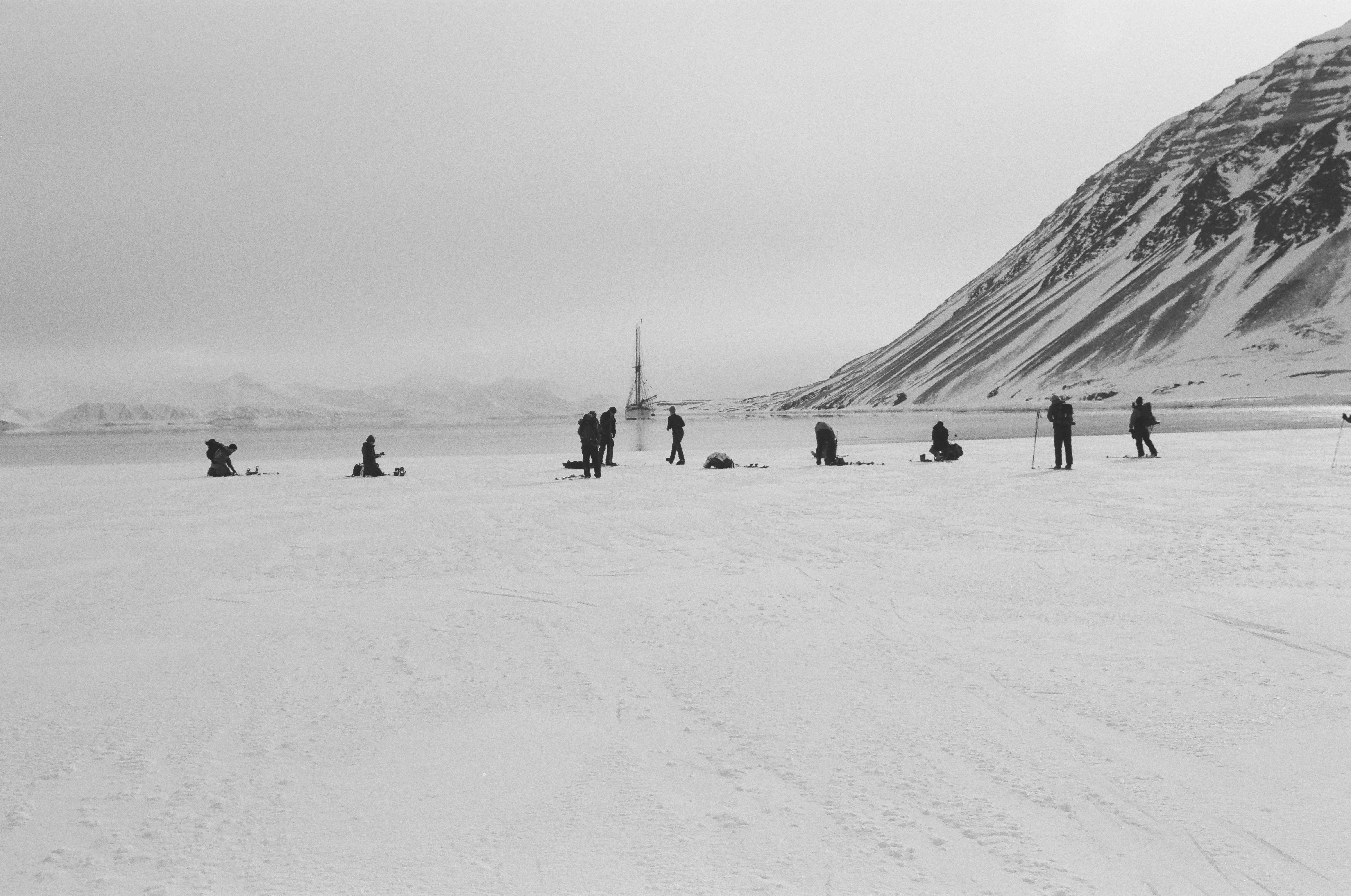 Three days later Jordan gave a hearty “Land Ho!” at the site of peaks to our east. We threaded a maze of icebergs, and hooted our way through fog to enter Isfjorden, taking refuge in a small bay near the entrance. No sooner had we dropped anchor than Siggy slipped his .308 into his pack for a seal hunt. I begged to come with. We lowered the charcoal Zodiac into the sea ice, all the while scanning the black water for movement. As I descended Siggy affirmed that we both had knives for skinning seals should it come to that.
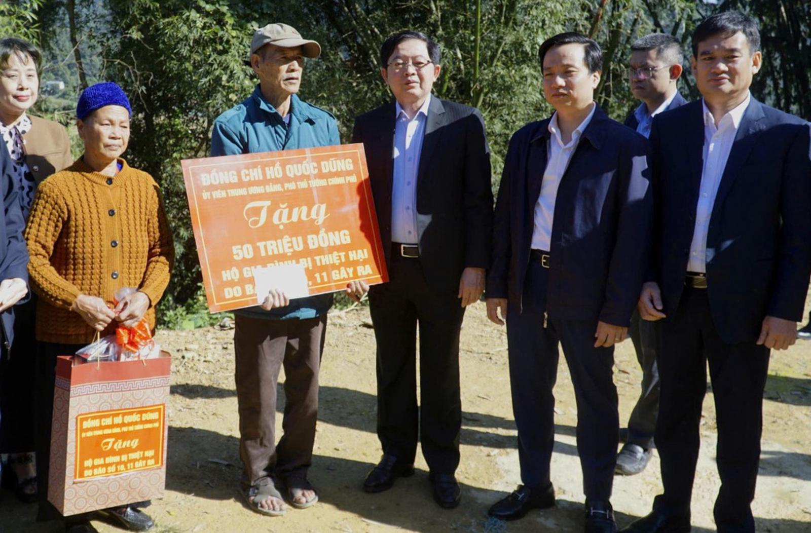 Phó Thủ tướng Chính phủ Hồ Quốc Dũng trao tặng kinh phí hỗ trợ khắc phục hậu quả thiên tai cho gia đình ông Nông Quốc Toàn. Ảnh: Nguyệt Hà - Tiến Dũng
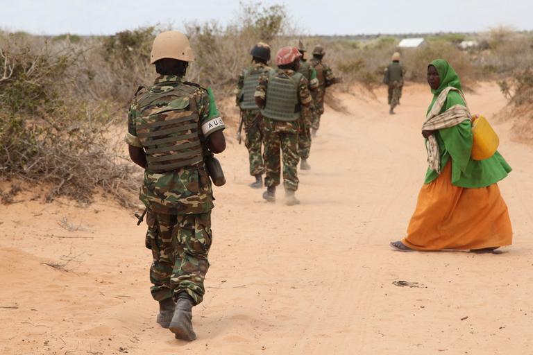 | Keywords: outdoor Burundian soldiers, as part of the African Union Mission in Somalia, patrol around the town of Ragaele in the Middle Shabelle region of Somalia on October 2. The town of Ragaele was liberated from al Shabab militants by the Burundian forces on October 1. AMISOM Photo / Fanah Mohamed Burundian soldiers, as part of the African Union Mission in Somalia, patrol around the town of Ragaele in the Middle Shabelle region of Somalia on October 2. The town of Ragaele was liberated from al Shabab militants by the Burundian forces on October 1. AMISOM Photo / Fanah Mohamed |

::::

■ Work to complete
Retype the lines above exactly, no pictures.

■ Reply to the exercise
 Three days later Jordan gave a hearty “Land Ho!” at the site of peaks to our east. We threaded a maze of icebergs, and hooted our way through fog to enter Isfjorden, taking refuge in a small bay near the entrance. No sooner had we dropped anchor than Siggy slipped his .308 into his pack for a seal hunt. I begged to come with. We lowered the charcoal Zodiac into the sea ice, all the while scanning the black water for movement. As I descended Siggy affirmed that we both had knives for skinning seals should it come to that.
 Phó Thủ tướng Chính phủ Hồ Quốc Dũng trao tặng kinh phí hỗ trợ khắc phục hậu quả thiên tai cho gia đình ông Nông Quốc Toàn. Ảnh: Nguyệt Hà - Tiến Dũng
 | Keywords: outdoor Burundian soldiers, as part of the African Union Mission in Somalia, patrol around the town of Ragaele in the Middle Shabelle region of Somalia on October 2. The town of Ragaele was liberated from al Shabab militants by the Burundian forces on October 1. AMISOM Photo / Fanah Mohamed Burundian soldiers, as part of the African Union Mission in Somalia, patrol around the town of Ragaele in the Middle Shabelle region of Somalia on October 2. The town of Ragaele was liberated from al Shabab militants by the Burundian forces on October 1. AMISOM Photo / Fanah Mohamed |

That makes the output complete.